フェンタニル貼付剤には、ある使用上の特徴があります。

それは、フェンタニル貼付剤からは始められない(添付文書上)ということです。

それにはいくつか理由があり、①そもそも濃度上昇が緩やかなので薬剤量の調整薬としては向いていない、②脂溶性で脳への移行性も良いのでいきなりフェンタニルから開始すると呼吸抑制等の副作用が懸念される、などがあります。

意地悪でフェンタニル貼付剤からの開始を止めているわけではないのです。

ただしフェンタニル貼付剤にも利点があり、A)飲めなくても使用できる、B)便秘が他薬より軽い、などがあり、フェンタニルから開始したいと願うケースもあるのは事実です。

もちろん専門家によっては、「いやいや、それでも脳移行性のことがあるからやめるべき」という方もいるかもしれません。ただ、専門家がしっかり監督した上での対象を限定した加療においては、モルヒネ換算15mg/日程度のオピオイドで呼吸抑制の懸念は限りなく低いと思いますけれどもね……(ここは個人の見解です)。

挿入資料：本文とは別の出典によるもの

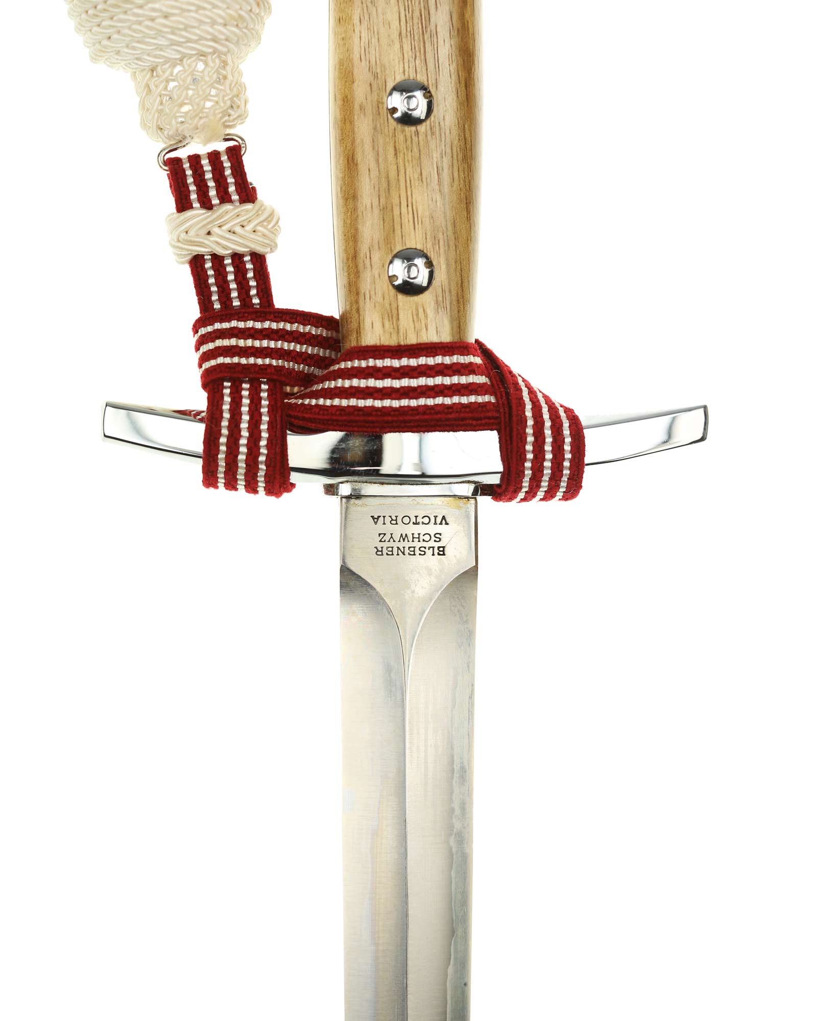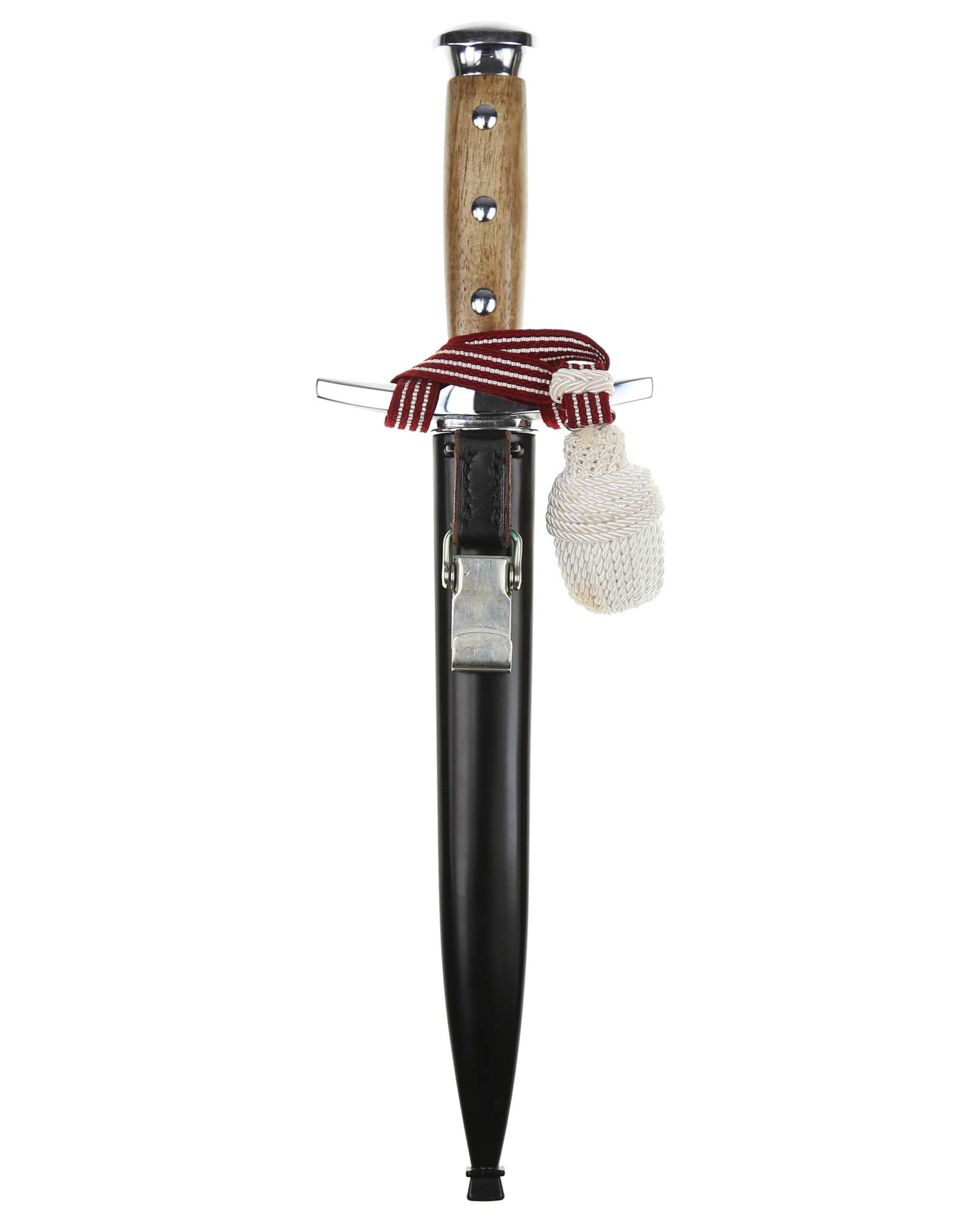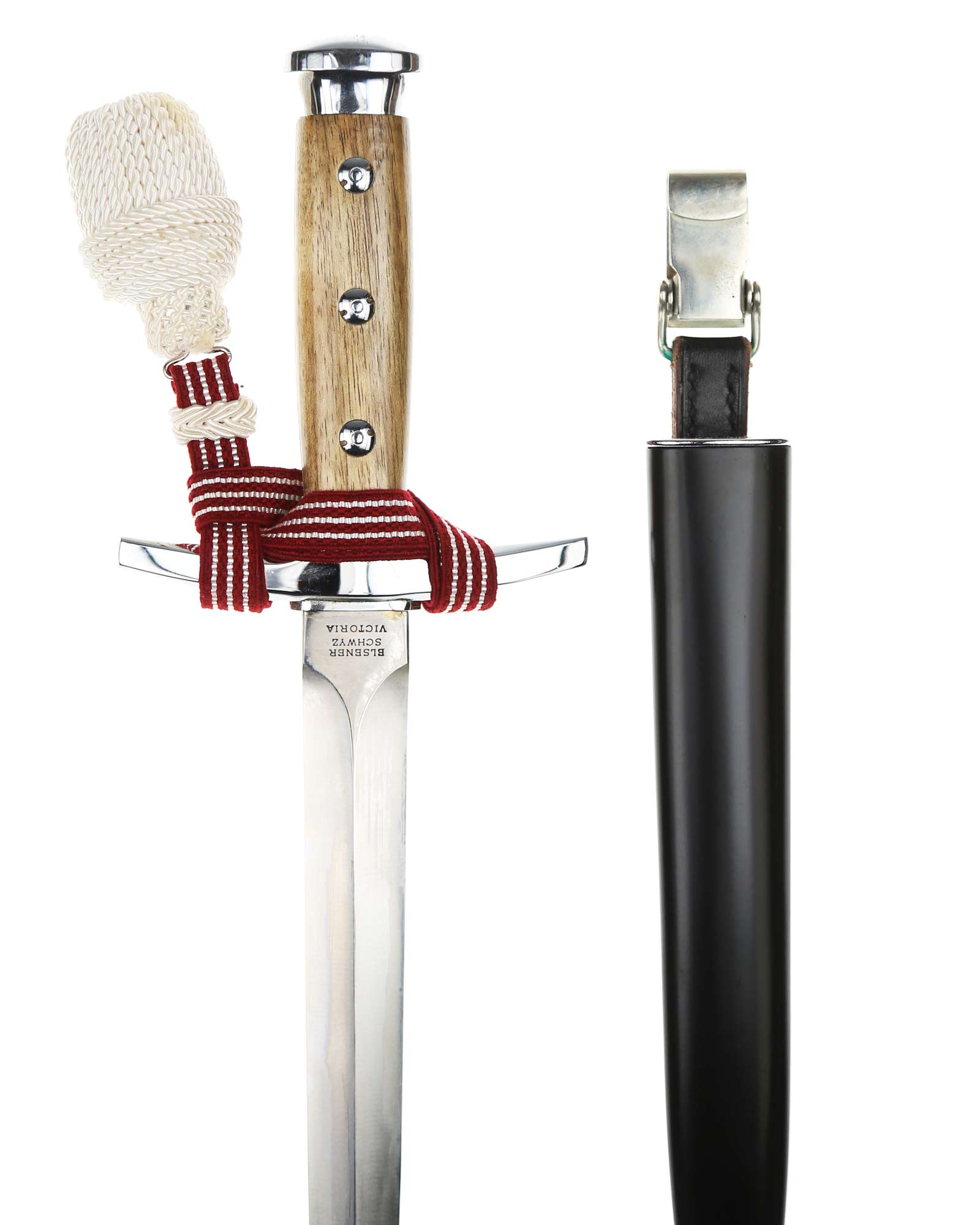 Кортик армейский офицерский и унтер-офицерский обр. 1943 г. Рукоять металлическая, с двумя деревянными лакированными накладками по бокам. Накладки скреплены между собой тремя металлическими штифтами. Головка рукояти металлическая, овального сечения. К кортику прилагаются подвеска и темляк. Клинок прямой, плоский, ромбического сечения. На пяте, с одной стороны, стоит клеймо производителя ELSENER SCHWYZ; с другой порядковый номер #212721. Ножны металлические, крашеные в черный цвет.

現在、フェントステープからの開始に向けて研究が為されているとのことです。

 

フェントステープの厳重注意と使用法

ある会に出た際に、その地域では「フェンタニル貼付剤を増やし始めると、あの患者さんは死期が近い」と医療者(医師ではない)は予測する、という話を聞いて驚きました。

フェンタニル貼付剤は貼り薬なので、飲めない人にも貼れてしまいます。

したがって、本来安全弁となるはずの、過量だと眠気が増えて飲めなくなる、ということがなく、判断を誤ると容易に過量投与となります。

察するに、死期が迫っている患者さんの身の置き所のなさ(せん妄などが原因)に、その地域ではフェンタニル貼付剤を増やしているのではないかとうかがわれました。

身の置き所のなさがせん妄が原因だと、フェンタニル貼付剤をどんどん増やすのはむしろ逆効果です。

おそらくはしっかりと観察すればせん妄が出ていると思うのですが、「痛いですか?」という問いかけに、顔をしかめたり、うなずいたり(けれども言語的には痛みの様態や場所などは一切表現できないせん妄なので)するだけで、機械的に(痛いと捉えて)フェンタニル貼付剤を増やしているという対策をしている可能性があると考えられます。

貼付薬は手軽に見える半面、用量調節にはそれほど向いていないとか、飲めない人への投与では過量とならないような注意が必要だとか、貼付部位を加温すると良くないとか、気をつけるべきところが多い薬剤なのですが、使い方によっては上記のような不利益がもたらされるので、できるだけ医療用麻薬の専門家に関与してもらうのが良いでしょう。